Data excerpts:

--- START ---

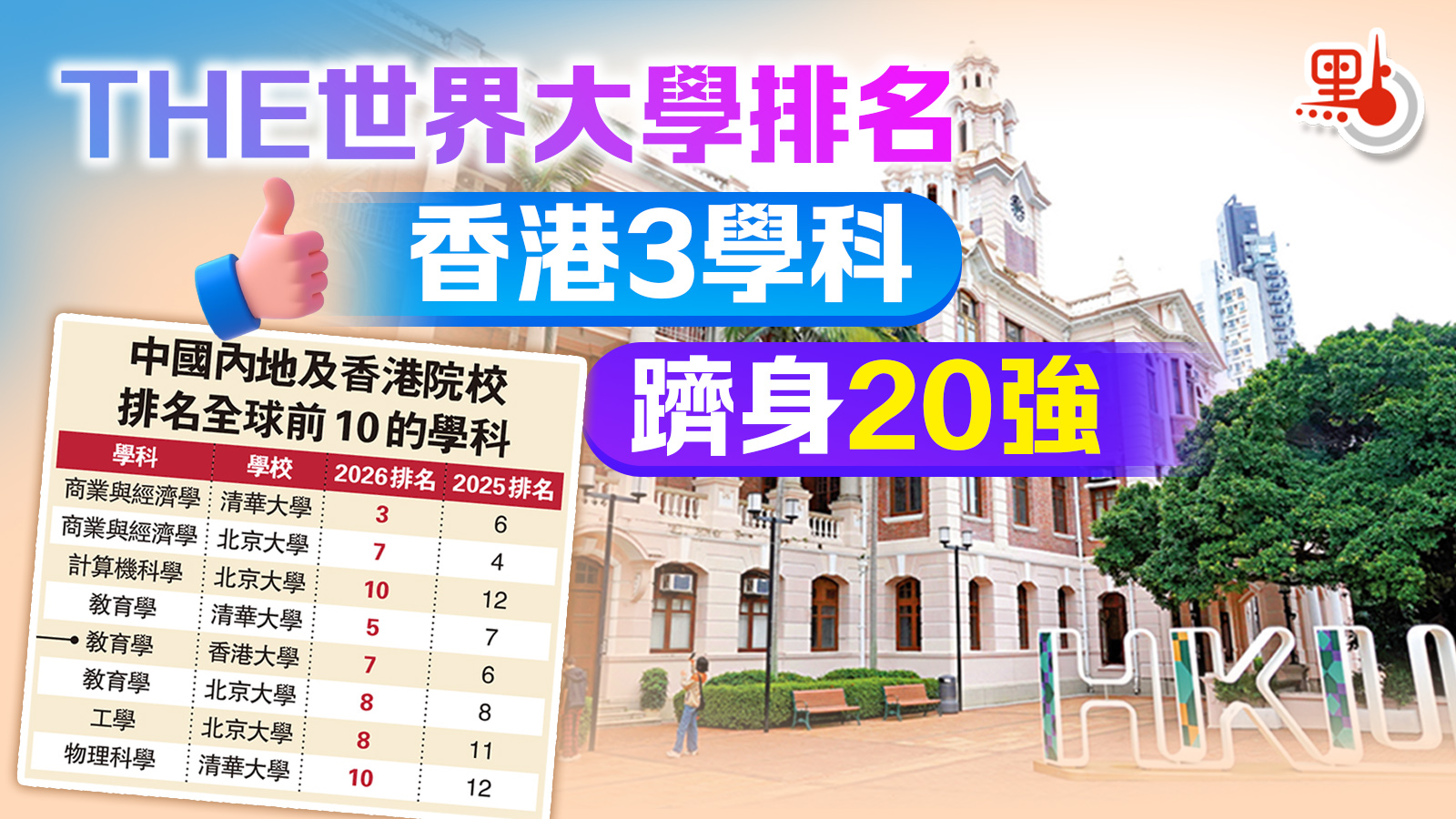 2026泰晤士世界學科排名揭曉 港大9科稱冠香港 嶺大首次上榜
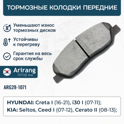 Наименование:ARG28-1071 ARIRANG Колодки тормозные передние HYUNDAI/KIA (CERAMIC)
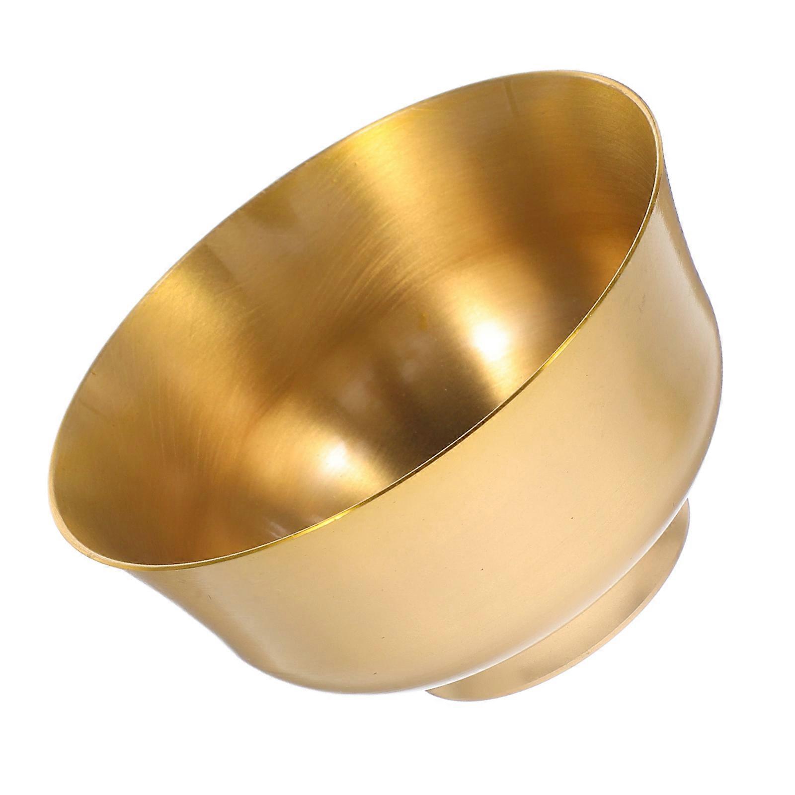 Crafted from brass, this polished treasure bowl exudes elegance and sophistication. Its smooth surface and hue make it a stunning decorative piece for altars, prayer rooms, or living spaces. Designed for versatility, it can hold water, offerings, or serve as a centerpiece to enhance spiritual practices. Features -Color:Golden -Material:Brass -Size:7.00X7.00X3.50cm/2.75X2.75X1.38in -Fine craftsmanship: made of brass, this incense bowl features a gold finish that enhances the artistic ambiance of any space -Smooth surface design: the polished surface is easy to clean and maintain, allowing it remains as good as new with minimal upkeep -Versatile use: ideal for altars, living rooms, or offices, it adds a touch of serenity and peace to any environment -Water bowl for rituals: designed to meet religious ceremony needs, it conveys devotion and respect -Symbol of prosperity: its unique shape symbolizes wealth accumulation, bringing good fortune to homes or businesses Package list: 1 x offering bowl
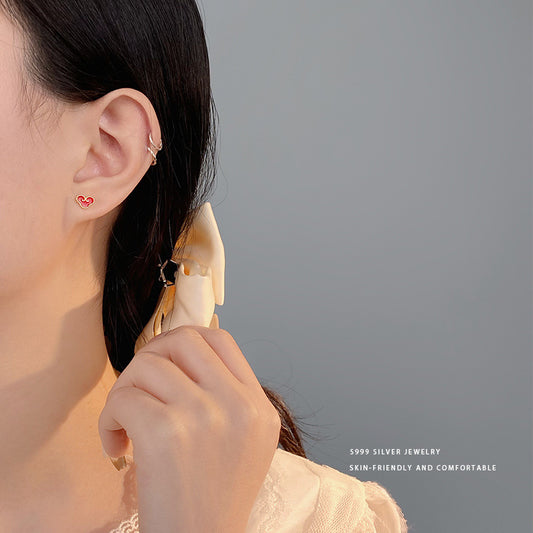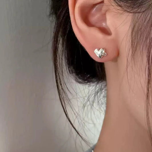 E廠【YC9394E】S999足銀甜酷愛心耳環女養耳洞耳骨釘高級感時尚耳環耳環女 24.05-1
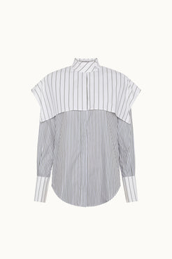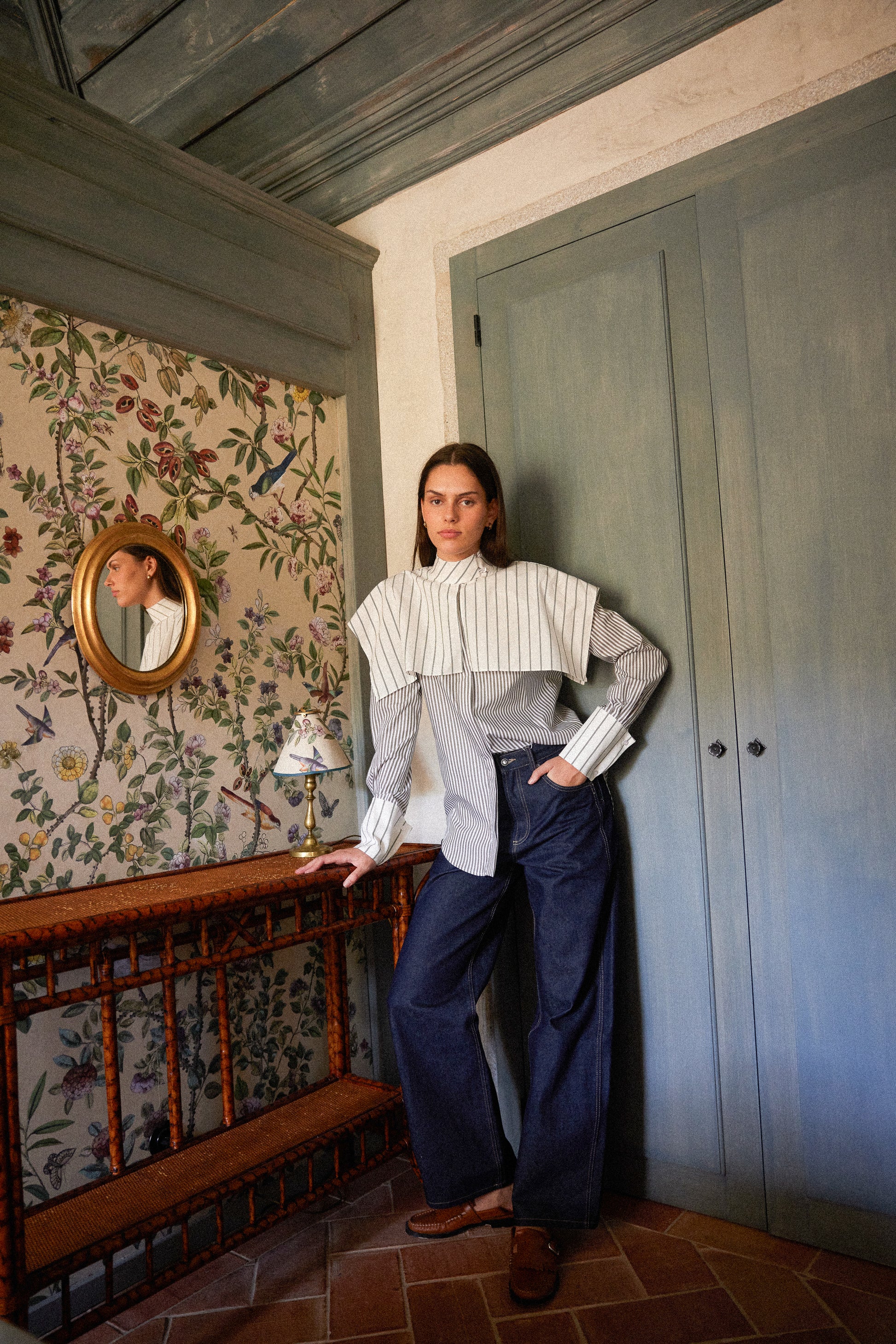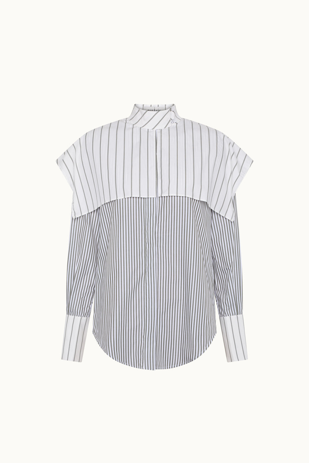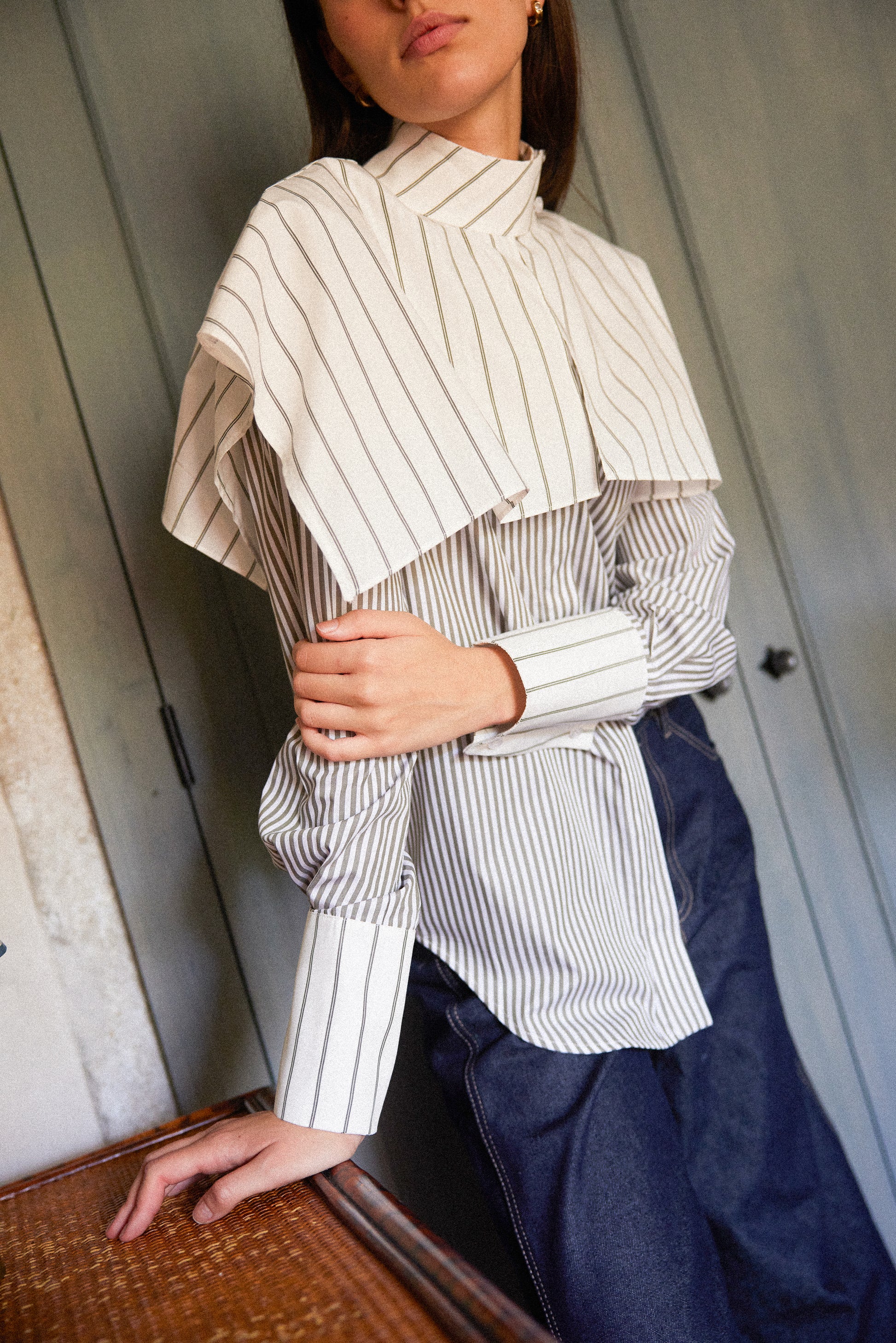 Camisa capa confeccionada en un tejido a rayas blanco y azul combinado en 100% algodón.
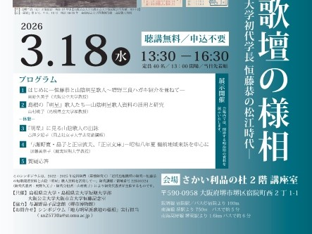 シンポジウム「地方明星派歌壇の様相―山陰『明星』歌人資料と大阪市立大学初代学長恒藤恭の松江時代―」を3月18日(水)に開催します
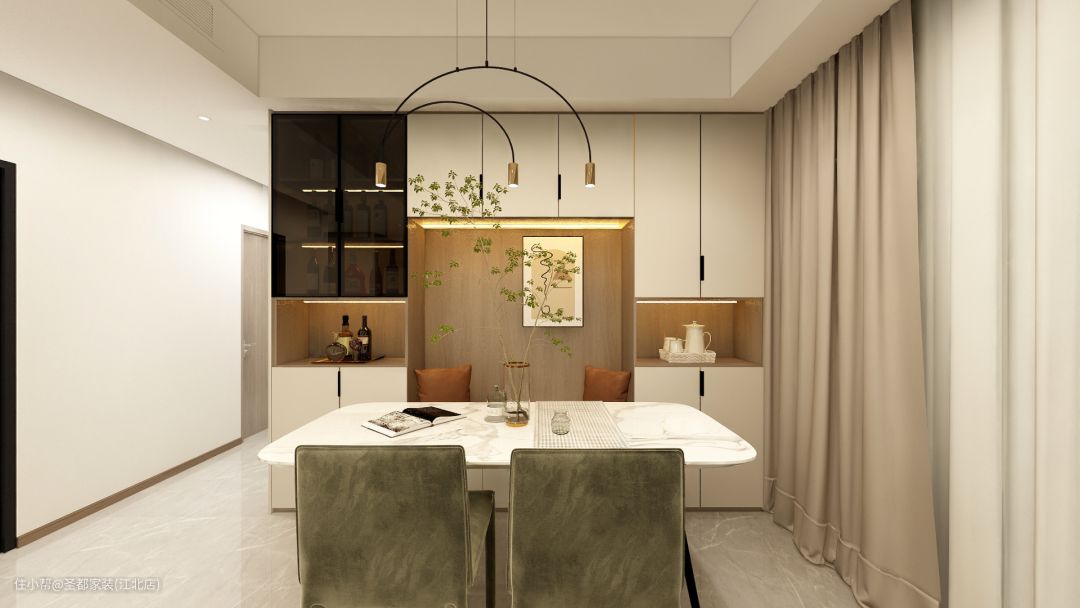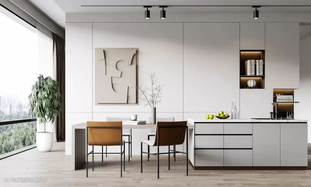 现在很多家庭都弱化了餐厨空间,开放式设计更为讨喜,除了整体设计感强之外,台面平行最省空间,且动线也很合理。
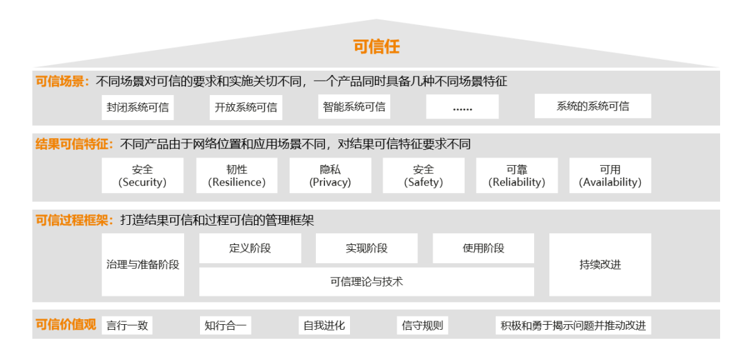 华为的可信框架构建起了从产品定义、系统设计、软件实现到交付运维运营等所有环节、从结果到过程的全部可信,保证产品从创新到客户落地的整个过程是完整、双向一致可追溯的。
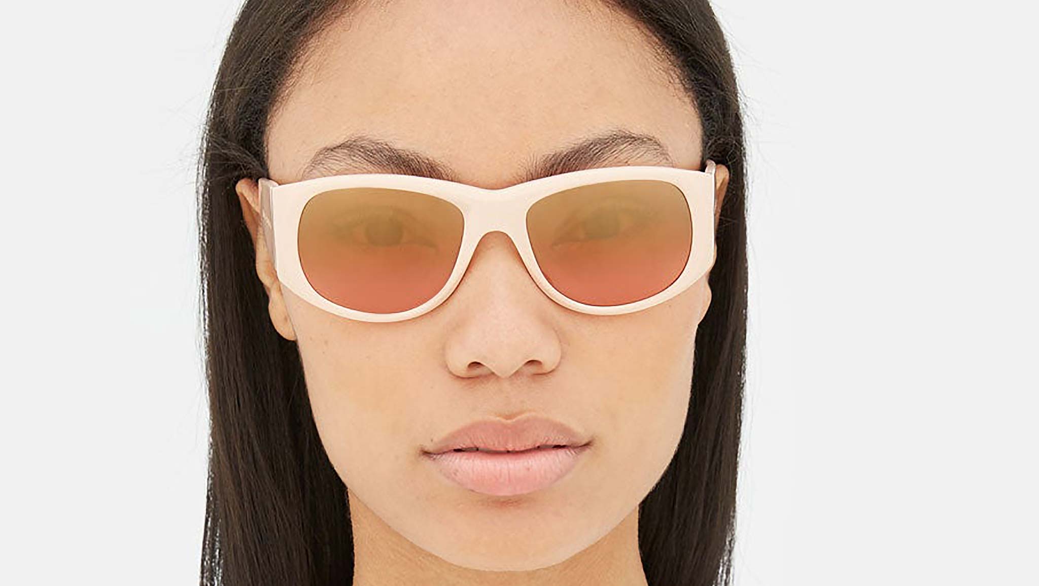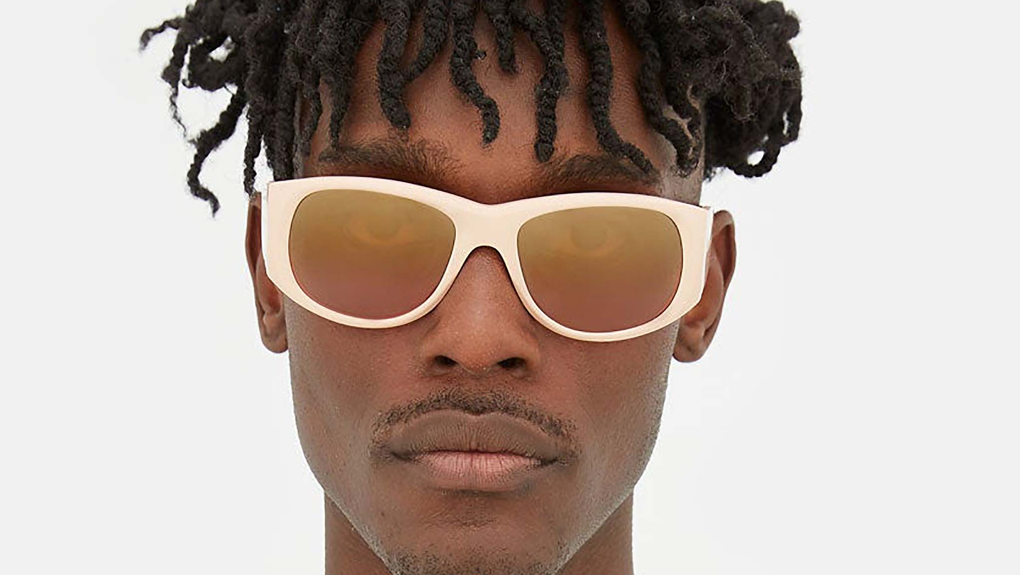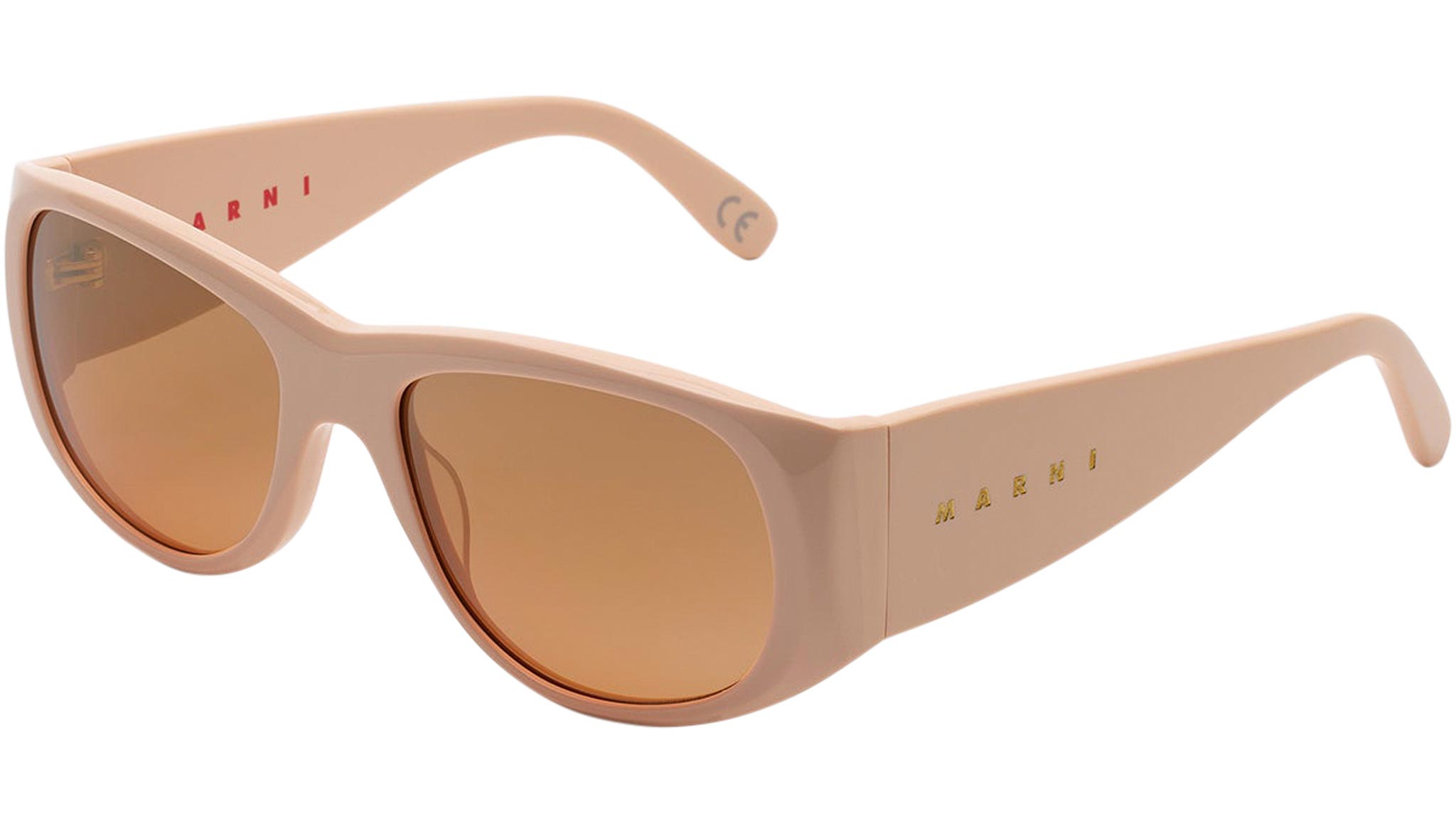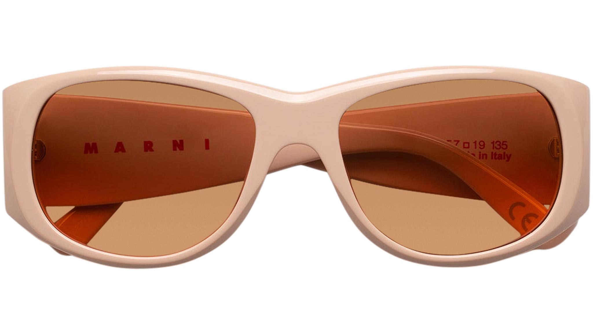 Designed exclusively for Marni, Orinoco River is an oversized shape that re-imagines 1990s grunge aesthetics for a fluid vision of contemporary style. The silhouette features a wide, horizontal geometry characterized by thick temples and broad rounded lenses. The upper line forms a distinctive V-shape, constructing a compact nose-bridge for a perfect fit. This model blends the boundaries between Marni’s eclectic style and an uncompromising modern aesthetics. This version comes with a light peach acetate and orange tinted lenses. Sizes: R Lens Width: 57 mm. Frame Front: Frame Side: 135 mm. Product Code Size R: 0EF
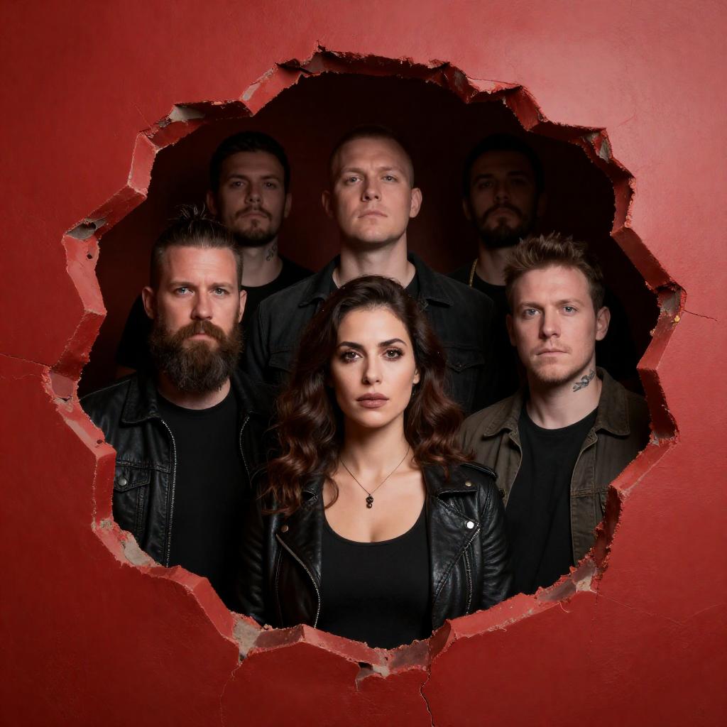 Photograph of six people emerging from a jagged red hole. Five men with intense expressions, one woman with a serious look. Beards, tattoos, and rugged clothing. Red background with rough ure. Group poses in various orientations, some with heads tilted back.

--- END ---

* **Work order**:
What is needed is a verbatim copy of every entry, with the pictures omitted.

* **Reply**:
 2026泰晤士世界學科排名揭曉 港大9科稱冠香港 嶺大首次上榜
 Наименование:ARG28-1071 ARIRANG Колодки тормозные передние HYUNDAI/KIA (CERAMIC)
 Crafted from brass, this polished treasure bowl exudes elegance and sophistication. Its smooth surface and hue make it a stunning decorative piece for altars, prayer rooms, or living spaces. Designed for versatility, it can hold water, offerings, or serve as a centerpiece to enhance spiritual practices. Features -Color:Golden -Material:Brass -Size:7.00X7.00X3.50cm/2.75X2.75X1.38in -Fine craftsmanship: made of brass, this incense bowl features a gold finish that enhances the artistic ambiance of any space -Smooth surface design: the polished surface is easy to clean and maintain, allowing it remains as good as new with minimal upkeep -Versatile use: ideal for altars, living rooms, or offices, it adds a touch of serenity and peace to any environment -Water bowl for rituals: designed to meet religious ceremony needs, it conveys devotion and respect -Symbol of prosperity: its unique shape symbolizes wealth accumulation, bringing good fortune to homes or businesses Package list: 1 x offering bowl
 E廠【YC9394E】S999足銀甜酷愛心耳環女養耳洞耳骨釘高級感時尚耳環耳環女 24.05-1
 Camisa capa confeccionada en un tejido a rayas blanco y azul combinado en 100% algodón.
 シンポジウム「地方明星派歌壇の様相―山陰『明星』歌人資料と大阪市立大学初代学長恒藤恭の松江時代―」を3月18日(水)に開催します
 现在很多家庭都弱化了餐厨空间,开放式设计更为讨喜,除了整体设计感强之外,台面平行最省空间,且动线也很合理。
 华为的可信框架构建起了从产品定义、系统设计、软件实现到交付运维运营等所有环节、从结果到过程的全部可信,保证产品从创新到客户落地的整个过程是完整、双向一致可追溯的。
 Designed exclusively for Marni, Orinoco River is an oversized shape that re-imagines 1990s grunge aesthetics for a fluid vision of contemporary style. The silhouette features a wide, horizontal geometry characterized by thick temples and broad rounded lenses. The upper line forms a distinctive V-shape, constructing a compact nose-bridge for a perfect fit. This model blends the boundaries between Marni’s eclectic style and an uncompromising modern aesthetics. This version comes with a light peach acetate and orange tinted lenses. Sizes: R Lens Width: 57 mm. Frame Front: Frame Side: 135 mm. Product Code Size R: 0EF
 Photograph of six people emerging from a jagged red hole. Five men with intense expressions, one woman with a serious look. Beards, tattoos, and rugged clothing. Red background with rough ure. Group poses in various orientations, some with heads tilted back.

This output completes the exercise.